Так эти ноги и остались стоять, загораживая проход, не давая выйти. Собственно, и выходить-то уже не хотелось, дом начинал казаться огромным, и обойти его весь становилось почти непосильным делом. Налево от прихожей светлая, в белом кафеле кухня. На ровном белом подоконнике в литровой банке с водой - зелень: укроп и петрушка. Дальше, по коридору направо - столовая с двумя большими окнами в одной стене и двумя в другой. Свет из этих окон делает стеклянную поверхность стола зеркальной, и, чтобы увидеть чудесный гербарий, распластанную, немного обесцветившуюся розу под стеклом, нужно подойти совсем близко, склониться над ним, вписав и линии своего контура в чудесное переплетение стеблей и лепестков. Из столовой - дверь в большую комнату с двумя кроватями посредине, напротив вечно сияющего окна - деревянный, темного дерева стол и четыре стула, у стены - пустой платяной шкаф. В этой комнате никто не живет, и поэтому дверь в нее всегда открыта. Коридор упирается в темную комнату, в которой хранятся садовые инструменты, грабли, тяпки, лопаты, а также удобрения, порошки и другие моющие средства, поэтому в этой комнате особенный такой запах - наполовину медицинский, наполовину парфюмерный. Четыре ступеньки вниз - ванная и дверь в сад. Чтобы не было сквозняков, тетушка всегда запирает ее, но через квадратное окно, находящееся посреди двери, виден кусок сада: клумба с бордовыми розами, земляничная поляна и угол серого домика, пологий склон горы, поросший лесом. Ванная восхитительна. Свет, запах, звук. Звук текущей воды, аромат мыла, зеркало, удваивающее пространство. Зеркало, зеркало, зеркало, хотеть, иметь, владеть, разъезжать на коне, покрытом шитой золотом попоной, и видеть только бритые затылки и согбенные спины. Пот, вонь, ароматы, гадания по руке. Или, наоборот, сладко прижимать к груди чью-то зловонную, в шелковой туфле ногу, закрывая глаза, мурлыкать по-котиному, пытаться угадать в равнодушном взгляде...

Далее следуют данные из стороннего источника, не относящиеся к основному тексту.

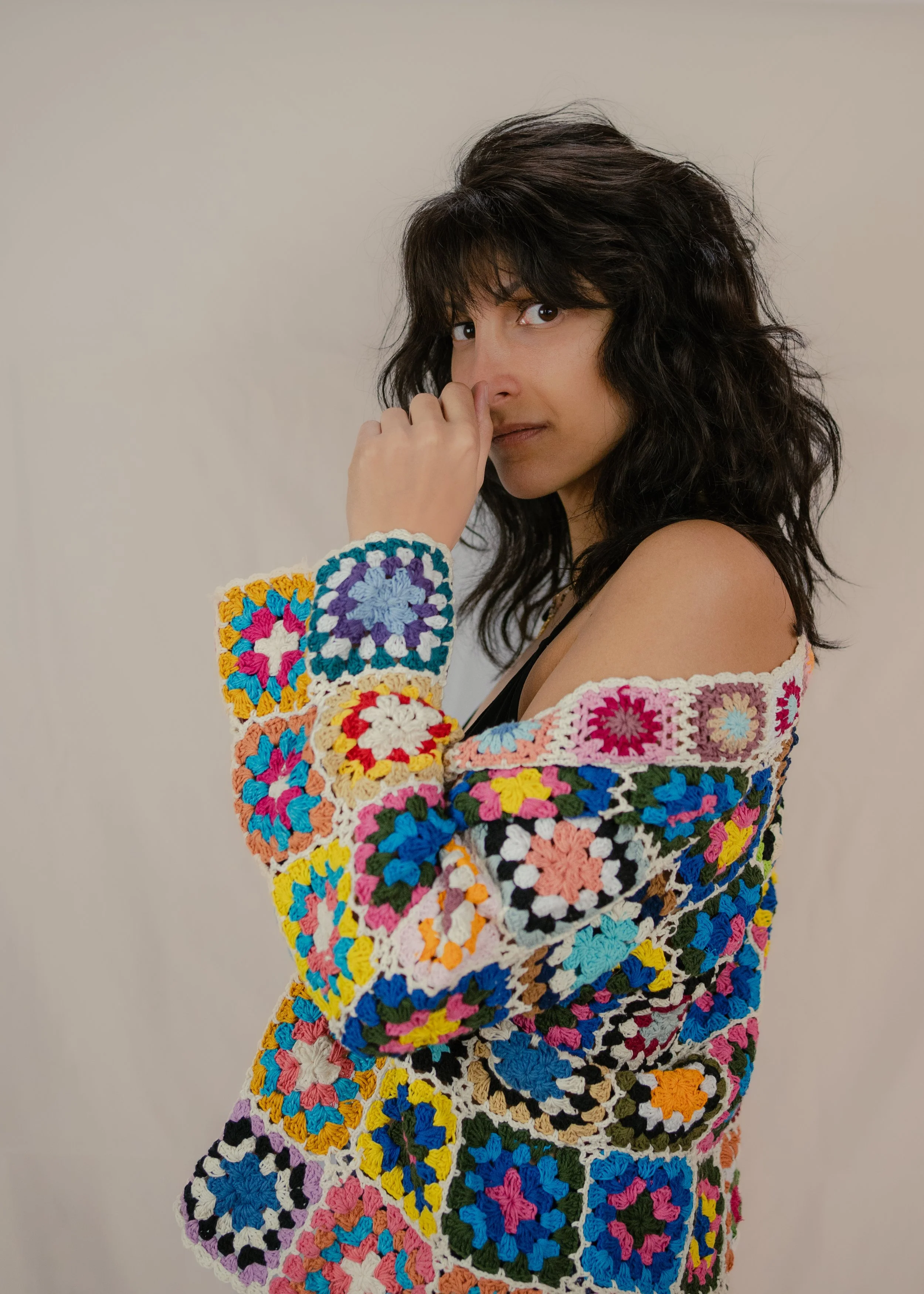 Les matières sont douces et fluides, les imprimés sont riches et flamboyants, le crochet est réalisé avec amour et patience.

Почтальон сидит в столовой, шумно пьет чай, обменивается с тетушкой подмигиваниями, пряными словечками, она все подкладывает ему в розеточку вареньица, и он, с кончиками усов в рубиновых каплях, застывает, блаженно сощурив глаза, лицо его и руки отливают бронзою, и тетушка, по-девичьи хихикая, покрывается румянцем, оттопыривает мизинчик. Так он и остался сидеть там, забыв, вероятно, об ужине, который ждет его дома, макароны с мясом уже давно остыли, прилипли к тарелке, покрылись буроватыми кружочками затвердевшего жира. Музыка, музыка, музыка, пульсирует в голове, извлекать ее руками из насекомообразного тела скрипки, блестеть лаковыми ботинками, или извлекать ее губами из жесткого металлического ствола, при малейшей, ничтожнейшей паузе стараться облизать иссохшим кончиком языка потрескавшуюся верхнюю губу, кланяться, теряя равновесие, пытаться удержаться, ввинчивая каблуки в пол, неуклюже обнимать деревянную тетку-контрабасиху, и все по чужим нотам, по чужим - даже если обводишь невидимые контуры дирижерской палочкой, даже если вдыхаешь в нотные, зависшие вверх ногами комариные тельца охи, стоны и жужжание, все равно по чужим - даже если забываешь об этом, и зал, прокашлявшийся в паузах между частями и набившийся бутербродами в антрактах, кричит и неистовствует, забрасывая тебя цветами... Но даже если и так, что тогда?